そして,上記2のとおり,「南無妙法蓮華経」の漢字7文字が「ナムミョウホウレンゲキョウ」と発音される,日蓮宗(仏教の一宗派として日蓮宗。以下同じ。)のお題目として,宗教関係者はもとより一般世人にも広く知られていること,同じく漢字7文字からなる本件商標からは当該お題目と同一の「ナムミョウホウレンゲキョウ」の称呼が無理なく生じるものであること,本件商標の構成中の後半4文字「法蓮華経」が当該お題目の後半4文字と共通すること,及び本件商標が特定の意味を有する既成語ではないことを併せみれば,本件商標は,これを見る者に,日蓮宗のお題目である「南無妙法蓮華経」の前半の漢字3文字「南無妙」をこれと同じに発音される「七六冥」の漢字3文字に置き換えて表したものと認識させるものであるから,当該お題目を容易に想起させるものと判断するのが相当であって,その称呼も基本的には「ナムミョウホウレンゲキョウ」に特定されるものと認められる。

(3)本件商標の商標法第4条第1項第7号該当性

本件商標は,上記(2)のとおり,日蓮宗のお題目である「南無妙法蓮華経」の前半の漢字3文字「南無妙」を「七六冥」に置き換えて表したものと認識させるものであるから,当該お題目を容易に想起させるものであって,その称呼も基本的には「ナムミョウホウレンゲキョウ」に特定されるものである。
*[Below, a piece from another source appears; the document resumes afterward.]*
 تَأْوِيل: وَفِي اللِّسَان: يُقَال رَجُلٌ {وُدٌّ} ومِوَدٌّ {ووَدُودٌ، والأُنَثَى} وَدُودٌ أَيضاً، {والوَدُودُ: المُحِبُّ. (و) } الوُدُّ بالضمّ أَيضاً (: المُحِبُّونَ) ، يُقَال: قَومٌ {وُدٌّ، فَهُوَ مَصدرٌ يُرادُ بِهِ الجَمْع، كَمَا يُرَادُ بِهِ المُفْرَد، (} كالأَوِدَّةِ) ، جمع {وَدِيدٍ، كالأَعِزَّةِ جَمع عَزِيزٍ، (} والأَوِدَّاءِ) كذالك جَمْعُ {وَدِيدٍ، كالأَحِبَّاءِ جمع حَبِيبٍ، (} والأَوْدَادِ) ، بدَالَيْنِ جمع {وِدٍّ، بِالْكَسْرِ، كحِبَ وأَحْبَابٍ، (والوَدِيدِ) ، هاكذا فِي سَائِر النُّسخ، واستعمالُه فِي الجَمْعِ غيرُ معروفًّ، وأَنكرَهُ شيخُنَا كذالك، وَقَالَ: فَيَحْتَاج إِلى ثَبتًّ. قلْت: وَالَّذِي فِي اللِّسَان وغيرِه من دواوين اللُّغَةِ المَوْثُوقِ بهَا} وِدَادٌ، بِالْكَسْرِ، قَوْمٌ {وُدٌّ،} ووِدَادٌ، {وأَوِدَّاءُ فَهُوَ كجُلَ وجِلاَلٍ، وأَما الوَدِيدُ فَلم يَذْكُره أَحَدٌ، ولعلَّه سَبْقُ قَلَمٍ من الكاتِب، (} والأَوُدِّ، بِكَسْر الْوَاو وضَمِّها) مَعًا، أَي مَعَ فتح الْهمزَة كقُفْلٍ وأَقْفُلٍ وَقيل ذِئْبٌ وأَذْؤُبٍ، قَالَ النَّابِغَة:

そして,このように日蓮宗のお題目をそれと同じに発音される他の文字に一部を置き換えて表すこと,及び置き換えて表した標章を「ナムミョウホウレンゲキョウ」の称呼のもと一個人が商標として使用することは,少なくとも日蓮宗の信者をして,日蓮宗の尊厳を毀損され,信仰上の感情を害されるおそれのあるものと判断するのが相当である。
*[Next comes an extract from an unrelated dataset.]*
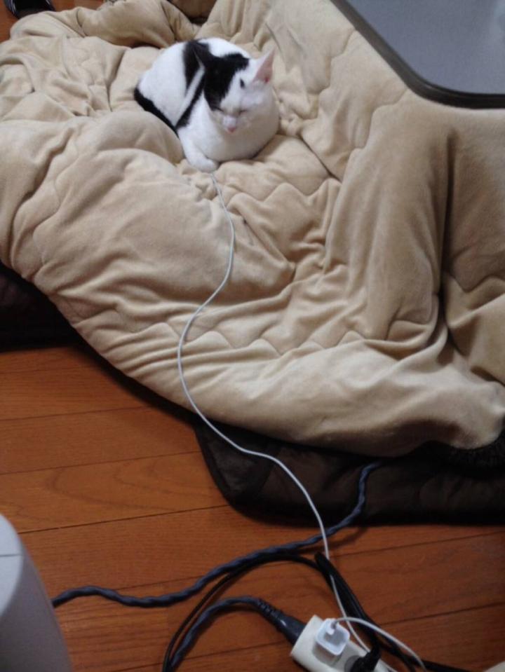 私の足元で爆睡していました。揺れが治まっても、微動だにせず。

そうすると,日蓮宗のお題目である「南無妙法蓮華経」の前半の漢字3文字「南無妙」を「七六冥」に置き換えて表したものと認識させ,当該お題目を容易に想起させるとともに,その称呼も基本的には「ナムミョウホウレンゲキョウ」に特定される本件商標は,上記(1)の「......他人に不快な印象を与えるような文字」に該当し,「公の秩序又は善良の風俗を害するおそれがある商標」といわなければならない。

したがって,本件商標は,商標法第4条第1項第7号に該当する。

第4 商標権者の意見

商標権者は,上記第3の取消理由に対して,指定した期間内に意見を述べていない。

第5 当審の判断

本件商標は,上記第1のとおり,「七六冥法蓮華経」の漢字を横書きした構成からなるところ,本件商標が商標法第4条第1項第7号に該当するとして通知した上記第3の取消理由は,妥当なものと認められる。

したがって,本件商標の登録は,商標法第4条第1項第7号に違反してされたものというべきであるから,同法第43条の3第2項の規定により,取り消すべきものである。

よって,結論のとおり決定する。